Christopher T. Clark
Yes. Absolutely.
I mean, if you look at it in the quarter, against the Australian dollar, the U.S. dollar strengthened 11%, similar movement against the Brazilian real, similar movement against the Indian rupee.
I mean, some of these are smaller organizations force, but there's a lot of them that add up. And, again, as Bret mentioned, these folks are net importers of products, both from U.S.
and from Europe in terms of our products. And so as such, as their home currencies weaken, those foreign-sourced products become more expensive for them.
And so, obviously, their profits obviously translate to fewer U.S. dollars as well.
Operator
And next, we'll hear from Glen Santangelo with Crédit Suisse.
Diego Hernandez
It's actually Diego filling in for Glen. I was just wondering if we could get a quick update on sort of the ortho relaunch.

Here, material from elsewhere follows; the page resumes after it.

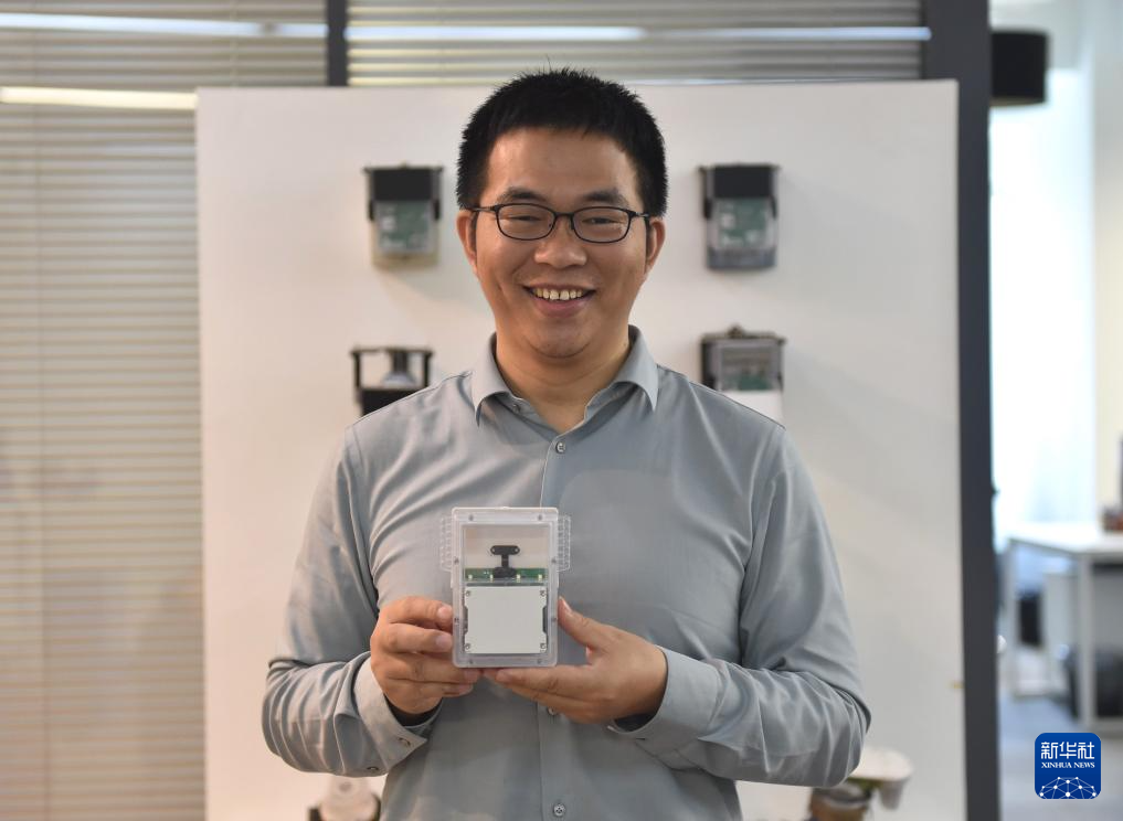 在北京三合智能科技有限公司,谷鹄翔展示团队研发的“羿读”智能相机(5月21日摄)。

I think where we left it last quarter, the things were tracking well in line with your expectations. Any color around that would be helpful.
Bret W. Wise
Yes. I think we're pretty much -- very much still in line, Diego, relative to what we expected.

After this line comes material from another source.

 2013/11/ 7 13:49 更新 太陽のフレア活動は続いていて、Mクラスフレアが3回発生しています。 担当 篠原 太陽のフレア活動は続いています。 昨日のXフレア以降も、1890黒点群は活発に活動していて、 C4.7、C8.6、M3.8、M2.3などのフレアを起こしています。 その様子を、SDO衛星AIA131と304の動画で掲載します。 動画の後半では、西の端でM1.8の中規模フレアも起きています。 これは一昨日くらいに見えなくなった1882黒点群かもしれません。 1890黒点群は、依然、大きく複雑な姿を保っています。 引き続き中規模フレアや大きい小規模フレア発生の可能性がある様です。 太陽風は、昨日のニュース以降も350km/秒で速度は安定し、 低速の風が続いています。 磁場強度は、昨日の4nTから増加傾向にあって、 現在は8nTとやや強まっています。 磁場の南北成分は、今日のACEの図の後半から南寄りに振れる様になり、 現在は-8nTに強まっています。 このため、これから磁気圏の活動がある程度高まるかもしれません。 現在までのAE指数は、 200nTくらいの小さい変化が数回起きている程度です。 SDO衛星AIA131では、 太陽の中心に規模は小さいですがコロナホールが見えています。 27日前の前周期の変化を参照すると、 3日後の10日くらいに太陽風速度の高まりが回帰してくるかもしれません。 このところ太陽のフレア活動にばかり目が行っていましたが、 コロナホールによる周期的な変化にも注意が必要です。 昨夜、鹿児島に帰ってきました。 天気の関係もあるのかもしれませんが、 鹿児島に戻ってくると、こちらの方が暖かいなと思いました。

I would say we kind of characterize it as saying this next phase was going to be a street fight slugging it out, really, customer by customer with competition. I think that ortho Japan together really didn't have a meaningful impact necessarily on our overall growth for the quarter or internal growth for the quarter.

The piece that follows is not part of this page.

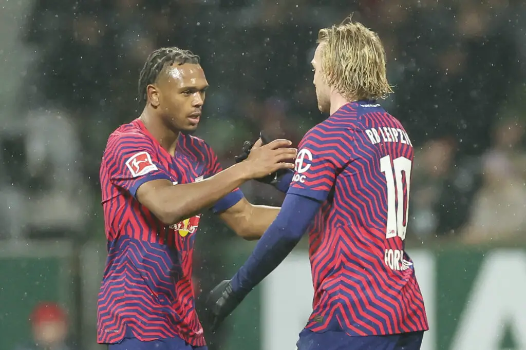 Lois Openda (RB Leipzig) und Emil Forsberg (RB Leipzig) geben sich die Hand, 1. Bundesliga, Werder Bremen vs RB Leipzig, WOHNINVEST Weserstadion am 19. December 2023 in Bremen, Deutschland. (Foto von Marco Steinbrenner/DeFodi Images) Lois Openda (RB Leipzig) und Emil Forsberg (RB Leipzig) shake hands, 1. Bundesliga, Werder Bremen vs RB Leipzig, WOHNINVEST Weserstadion, December 19, 2023 in Bremen, Germany. (Photo by Marco Steinbrenner/DeFodi Images) DFB / DFL REGULATIONS PROHIBIT ANY USE OF PHOTOGRAPHS AS IMAGE SEQUENCES AND/OR QUASI-VIDEO. - Photo by Icon sport

We saw some solid customer gains, particularly in the U.S., in the quarter. So we feel good about that.
But, again, I think that we're now beginning to run up against kind of the prior year relaunch. We kind of ran up against it in the second quarter in Europe, and now we're going to begin running up against that in the U.S.
in terms of some baselines that had customer restocking efforts in it. So -- but, again, the way we're really measuring this is at a customer level in terms of, again, that street fight, and we're pleased with how our teams are doing, particularly in the U.S.
right now.
Operator
And there are no further questions at this time. I would like to turn the conference back over to Mr.
Leckow for any additional or closing remarks.
Derek W. Leckow
Well, thank you. Thanks for your interest in DENTSPLY, and thanks for your participation today.
That concludes our conference call. If you have any questions, I'm around today for any follow-ups.
Thank you.
Operator
And that will conclude today's call. We thank you for your participation.